Oleh Nurul Jubaedah, S.Ag.,S.Pd.,M.Ag
Guru
SKI MTsN 2 Garut
Kabid
Humas AGERLIP PGM Indonesia
(Naskah
ke 277)
Ada ironi besar yang sedang
tumbuh diam-diam dalam dunia pendidikan Indonesia. Di satu sisi, negara bersiap
menghapus guru honorer di sekolah negeri mulai 2027. Di sisi lain, kampus terus
memproduksi ratusan ribu lulusan keguruan setiap tahun tanpa jaminan ruang
kerja yang nyata.
Masalahnya bukan sekadar soal
lapangan pekerjaan sempit. Persoalannya jauh lebih dalam: sistem pendidikan
berjalan tanpa sinkronisasi arah.
Guru honorer selama ini menjadi
penyangga utama pendidikan di banyak daerah. Mereka hadir ketika sekolah
kekurangan tenaga pengajar, ketika distribusi guru tidak merata, dan ketika
kebutuhan belajar siswa tidak bisa menunggu birokrasi. Namun kini, ruang mereka
dipersempit oleh kebijakan penataan ASN dan PPPK.
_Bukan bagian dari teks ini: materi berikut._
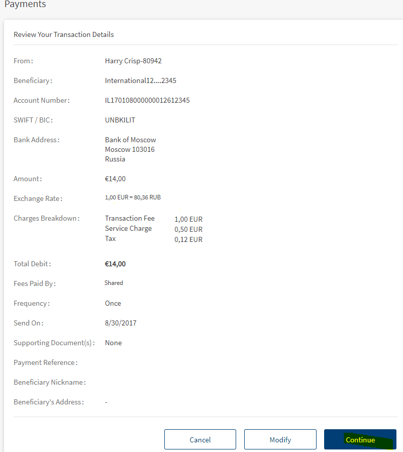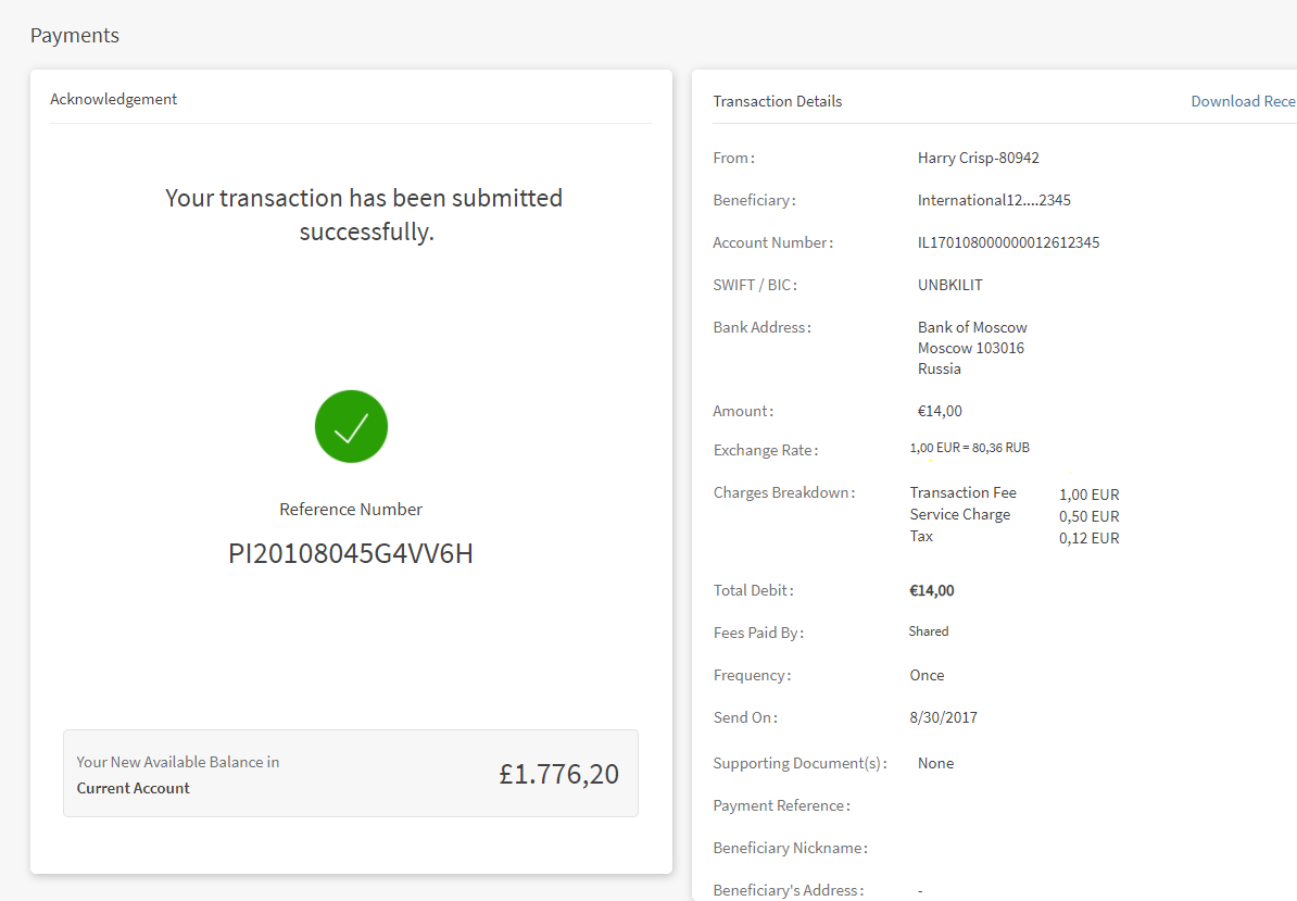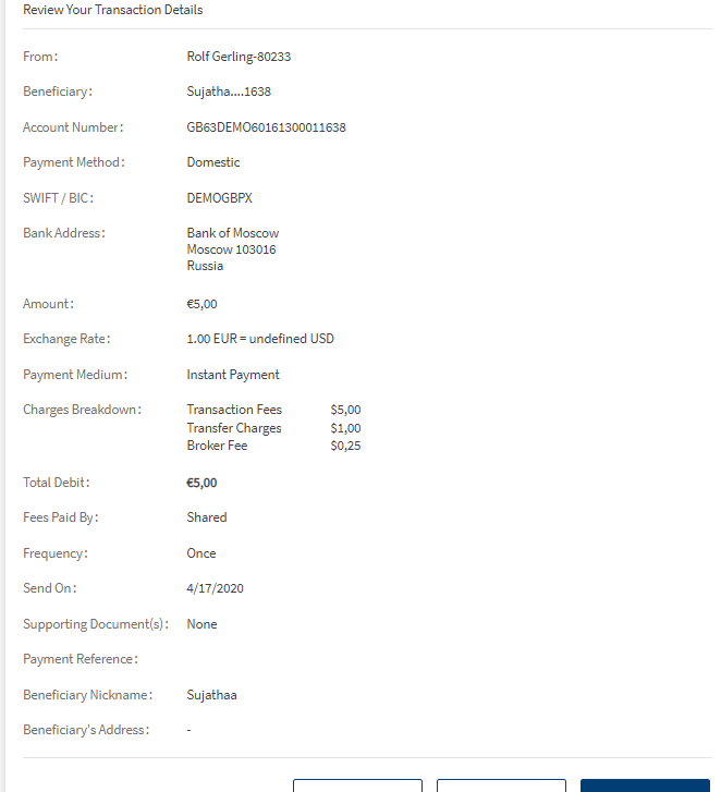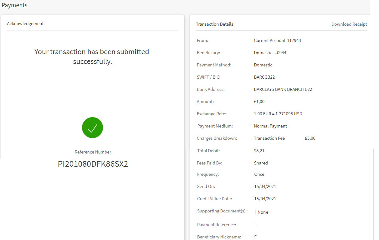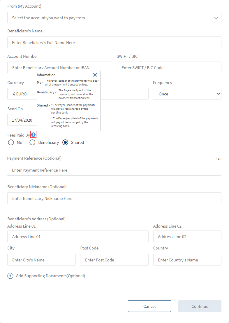 - Beneficiary - The Payee (recipient of the payment) will incur the payment transaction fees. In this scenario, the payee will receive the payment excluding the transfer charges.

Ironisnya, pada saat pintu
honorer ditutup, pintu fakultas keguruan justru tetap terbuka lebar.
Setiap tahun, hampir setengah
juta lulusan pendidikan lahir dari berbagai perguruan tinggi. Sayangnya,
kebutuhan guru baru tidak sampai sepersepuluhnya. Akibatnya mudah ditebak:
ribuan sarjana pendidikan akhirnya menganggur, bekerja serabutan, atau
berpindah profesi demi bertahan hidup.
Inilah wajah baru pengangguran
terdidik.
Lebih menyakitkan lagi, banyak
mahasiswa masuk jurusan pendidikan dengan harapan mulia menjadi guru. Namun
setelah lulus, mereka justru dihadapkan pada kompetisi formasi yang sempit dan
sistem rekrutmen yang tidak seimbang dengan jumlah lulusan.
Pendidikan akhirnya berubah
menjadi jalur panjang menuju ketidakpastian.
Jika kondisi ini terus
dibiarkan, Indonesia bukan hanya kekurangan solusi, tetapi juga kehilangan arah
dalam merancang masa depan pendidikan. Kampus akan terus mencetak lulusan,
sementara negara semakin membatasi ruang kerja mereka.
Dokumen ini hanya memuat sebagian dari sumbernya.